3) Department of the Treasury

Treasury Reverses Some Sanctions on Yemeni, Israeli Actors. The Treasury Department officially issued exemptions for some kinds of transactions involving Yemen’s Houthi rebels, making good on the Biden Administration’s commitment to reviewing the outgoing Trump Administration’s decision to designate the Houthis as a foreign terrorist organization (FTO). The FTO designation brought with it a broad prohibition against undertaking transactions with the group, raising fears that the millions of Yemeni civilians living under Houthi rule would be unable to secure crucial food and medical supplies. Although the exemptions, which run through February 26, allow for the Houthis to undertake some transactions, they do not reverse the FTO designation. Further, Houthi officials designated for other US sanctions will not receive a reprieve.

In addition, reports surfaced this week that, in the waning days of the Trump Administration, the US Treasury reversed another set of sanctions, including one that targeted an Israeli billionaire accused of violating the US Global Magnitsky Act by arranging “corrupt mining and oil deals.” The Treasury Department’s decision gives Israel-based Dan Gertler respite from US sanctions for one year until an investigation is undertaken to determine whether those sanctions should be reversed permanently.

4) Department of State

Acting UN Envoy Outlines Biden Administration’s Plan to Reach Out to Palestinians. During a hearing at the United Nations this week, Acting US Ambassador Richard Mills outlined the Biden Administration’s plan to take a more evenhanded approach to diplomacy with Israel and Palestine.

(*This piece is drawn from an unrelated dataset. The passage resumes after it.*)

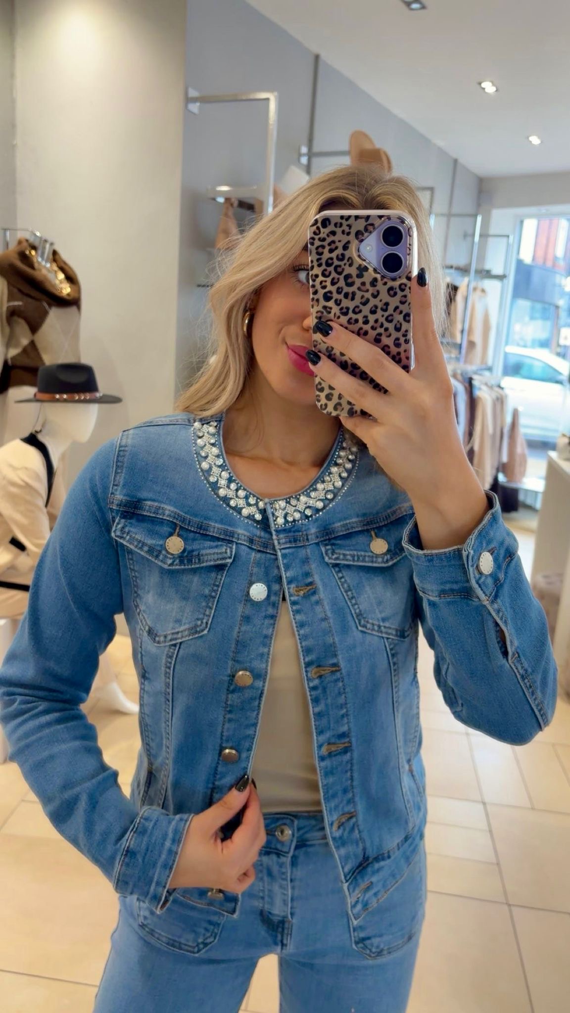 This denim jacket combines stretch, structure, and style. Cut to hit at the hip, it creates a flattering silhouette — perfect layered over longer tees or dresses. The pockets and subtle embellished details elevate it instantly, dressing up any outfit with minimal effort. Available in sizes S -XL; we recommend sizing up for a comfortable fit. A versatile mid-blue wash piece, it’s effortless to style day or night.

While he said that the Biden Administration will maintain Washington’s steadfast support for Israel, including at the United Nations, he also said that the Biden team seeks to restore funding support to help Palestinians and will take steps to renew Palestine’s diplomatic presence in the United States. Mills also called on Israel and the Palestinians to avoid unilateral actions that could undermine the prospects of a two-state solution.